■ Your instructions
Every line below from the one with "118㎡的4房2厅2卫,设计" through the one with "Viipurin koirien eettiset" is to be repeated exactly, with no picture among them.

■ Supplied entries
=== Section Start ===

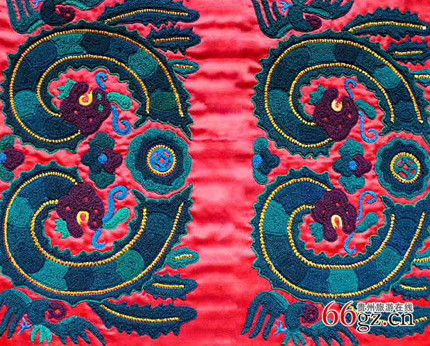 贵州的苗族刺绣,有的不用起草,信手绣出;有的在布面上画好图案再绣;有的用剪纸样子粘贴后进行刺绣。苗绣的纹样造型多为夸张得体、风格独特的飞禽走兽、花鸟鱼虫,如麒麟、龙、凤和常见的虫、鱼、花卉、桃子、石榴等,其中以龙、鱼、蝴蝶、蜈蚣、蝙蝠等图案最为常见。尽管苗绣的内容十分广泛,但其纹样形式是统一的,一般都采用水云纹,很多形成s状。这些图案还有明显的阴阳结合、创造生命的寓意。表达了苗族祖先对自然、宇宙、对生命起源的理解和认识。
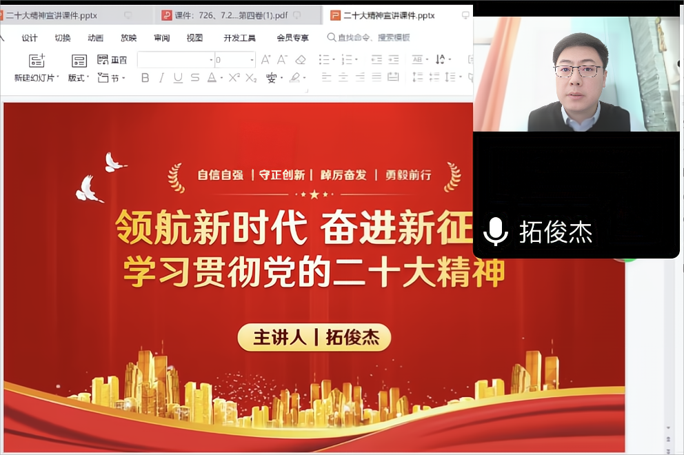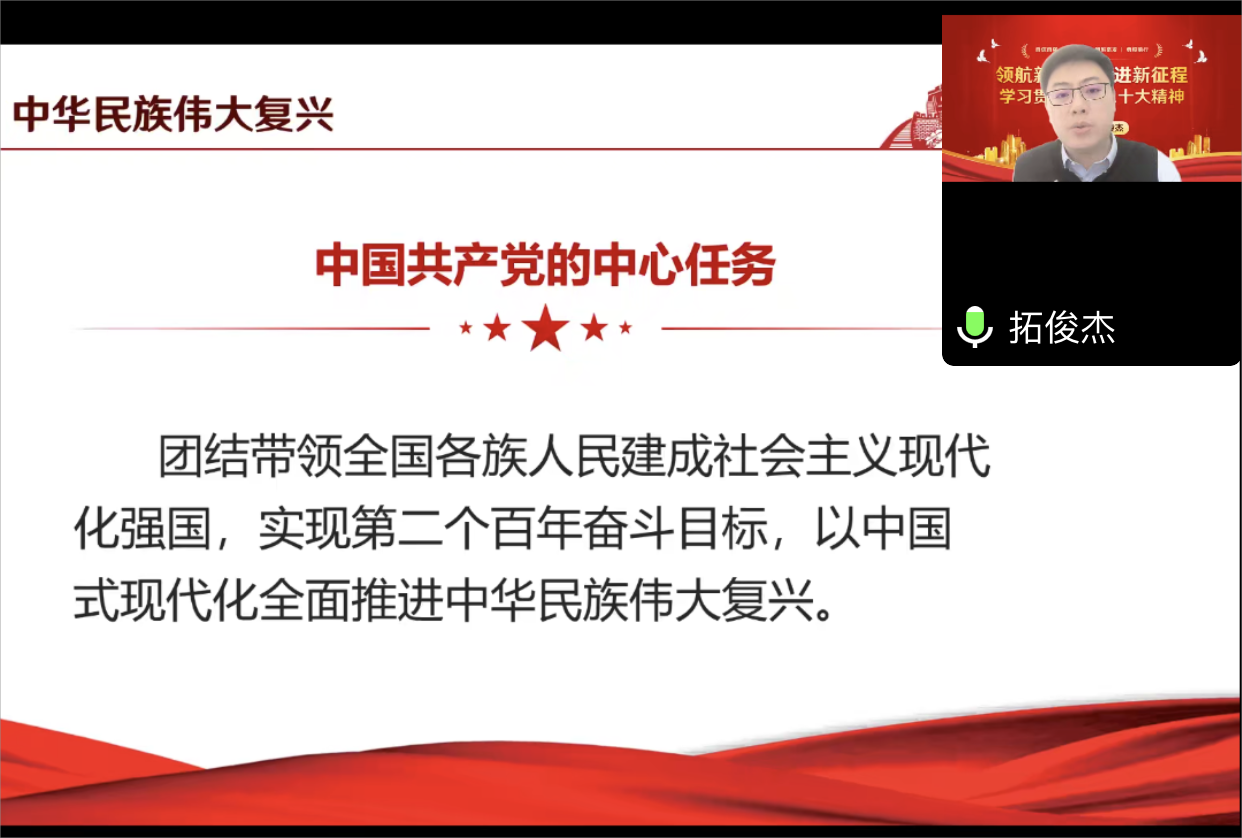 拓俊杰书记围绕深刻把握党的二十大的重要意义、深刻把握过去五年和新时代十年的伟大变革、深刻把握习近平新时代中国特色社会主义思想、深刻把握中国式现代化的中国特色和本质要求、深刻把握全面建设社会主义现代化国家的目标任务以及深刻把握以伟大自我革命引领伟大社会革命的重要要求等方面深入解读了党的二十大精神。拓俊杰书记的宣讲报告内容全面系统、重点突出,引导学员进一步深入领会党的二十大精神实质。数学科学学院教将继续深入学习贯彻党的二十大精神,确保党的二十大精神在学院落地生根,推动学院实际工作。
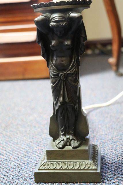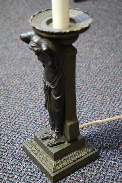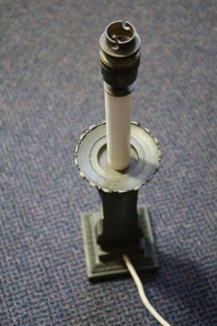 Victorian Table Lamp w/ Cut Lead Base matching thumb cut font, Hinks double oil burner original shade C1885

=== Section End ===
=== Section Start ===

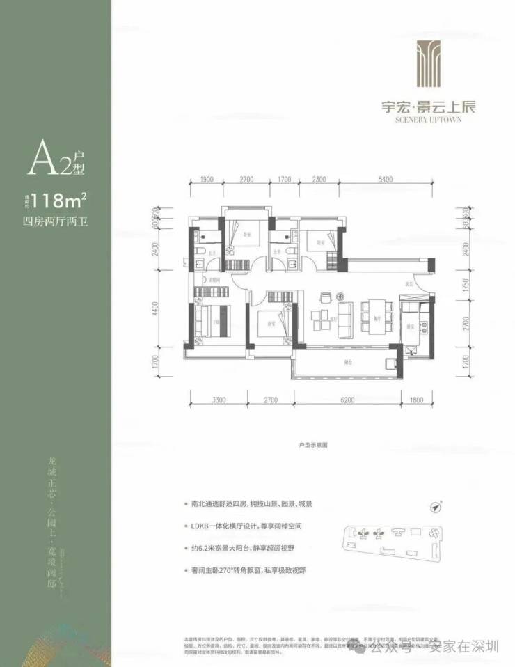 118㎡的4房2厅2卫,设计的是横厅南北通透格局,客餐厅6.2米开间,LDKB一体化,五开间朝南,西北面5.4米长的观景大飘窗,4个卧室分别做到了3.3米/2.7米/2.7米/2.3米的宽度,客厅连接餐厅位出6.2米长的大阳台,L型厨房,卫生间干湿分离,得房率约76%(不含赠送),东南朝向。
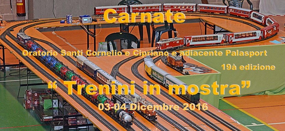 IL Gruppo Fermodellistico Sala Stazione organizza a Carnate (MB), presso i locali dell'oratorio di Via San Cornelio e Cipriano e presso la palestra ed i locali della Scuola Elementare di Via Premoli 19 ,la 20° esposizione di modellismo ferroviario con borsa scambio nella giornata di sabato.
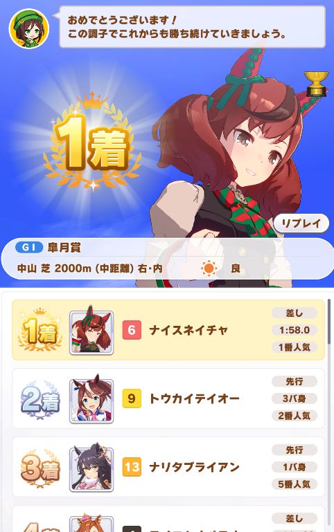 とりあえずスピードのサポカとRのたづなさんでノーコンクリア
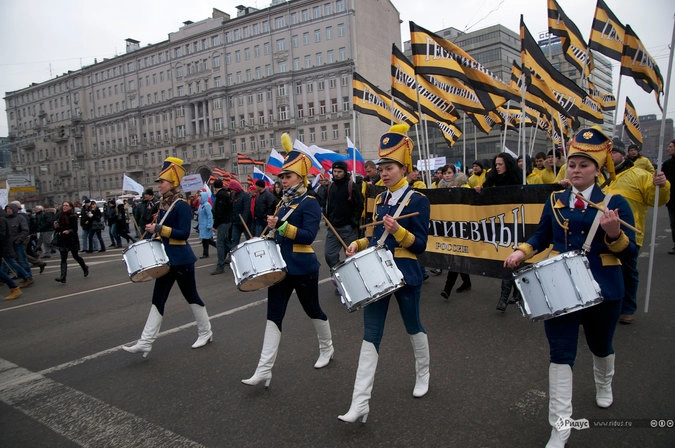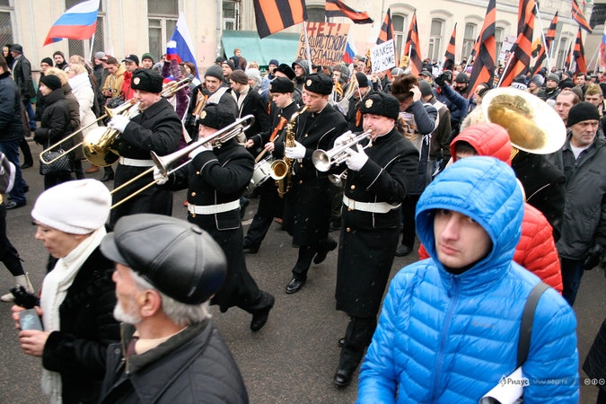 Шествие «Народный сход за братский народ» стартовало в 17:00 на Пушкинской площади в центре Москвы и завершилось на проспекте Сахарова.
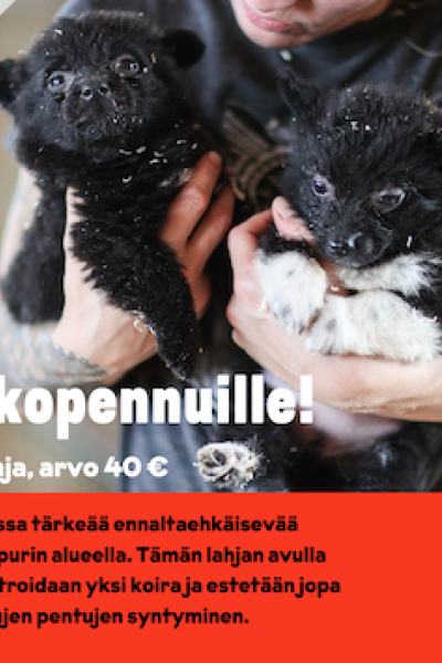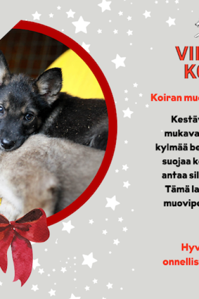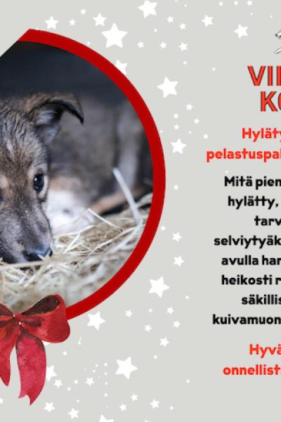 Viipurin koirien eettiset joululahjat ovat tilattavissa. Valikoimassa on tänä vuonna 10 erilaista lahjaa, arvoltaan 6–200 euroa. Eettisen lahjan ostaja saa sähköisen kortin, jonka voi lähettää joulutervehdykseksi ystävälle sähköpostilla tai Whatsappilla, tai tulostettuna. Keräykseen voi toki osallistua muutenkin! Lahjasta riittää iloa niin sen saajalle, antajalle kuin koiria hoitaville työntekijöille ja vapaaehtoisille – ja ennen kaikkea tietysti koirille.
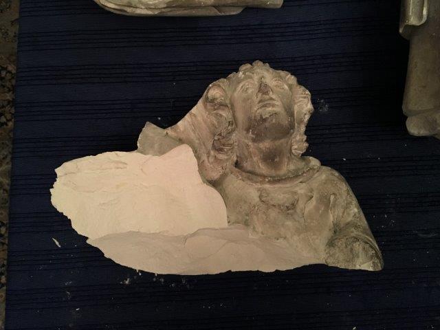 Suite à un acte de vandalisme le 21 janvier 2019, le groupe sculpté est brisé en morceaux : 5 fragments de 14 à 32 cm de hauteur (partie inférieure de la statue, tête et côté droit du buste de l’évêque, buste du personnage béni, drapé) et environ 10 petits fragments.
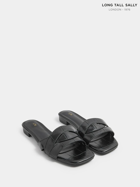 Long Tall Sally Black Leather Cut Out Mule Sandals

=== Section End ===

■ Completed exercise
 118㎡的4房2厅2卫,设计的是横厅南北通透格局,客餐厅6.2米开间,LDKB一体化,五开间朝南,西北面5.4米长的观景大飘窗,4个卧室分别做到了3.3米/2.7米/2.7米/2.3米的宽度,客厅连接餐厅位出6.2米长的大阳台,L型厨房,卫生间干湿分离,得房率约76%(不含赠送),东南朝向。
 IL Gruppo Fermodellistico Sala Stazione organizza a Carnate (MB), presso i locali dell'oratorio di Via San Cornelio e Cipriano e presso la palestra ed i locali della Scuola Elementare di Via Premoli 19 ,la 20° esposizione di modellismo ferroviario con borsa scambio nella giornata di sabato.
 とりあえずスピードのサポカとRのたづなさんでノーコンクリア
 Шествие «Народный сход за братский народ» стартовало в 17:00 на Пушкинской площади в центре Москвы и завершилось на проспекте Сахарова.
 Viipurin koirien eettiset joululahjat ovat tilattavissa. Valikoimassa on tänä vuonna 10 erilaista lahjaa, arvoltaan 6–200 euroa. Eettisen lahjan ostaja saa sähköisen kortin, jonka voi lähettää joulutervehdykseksi ystävälle sähköpostilla tai Whatsappilla, tai tulostettuna. Keräykseen voi toki osallistua muutenkin! Lahjasta riittää iloa niin sen saajalle, antajalle kuin koiria hoitaville työntekijöille ja vapaaehtoisille – ja ennen kaikkea tietysti koirille.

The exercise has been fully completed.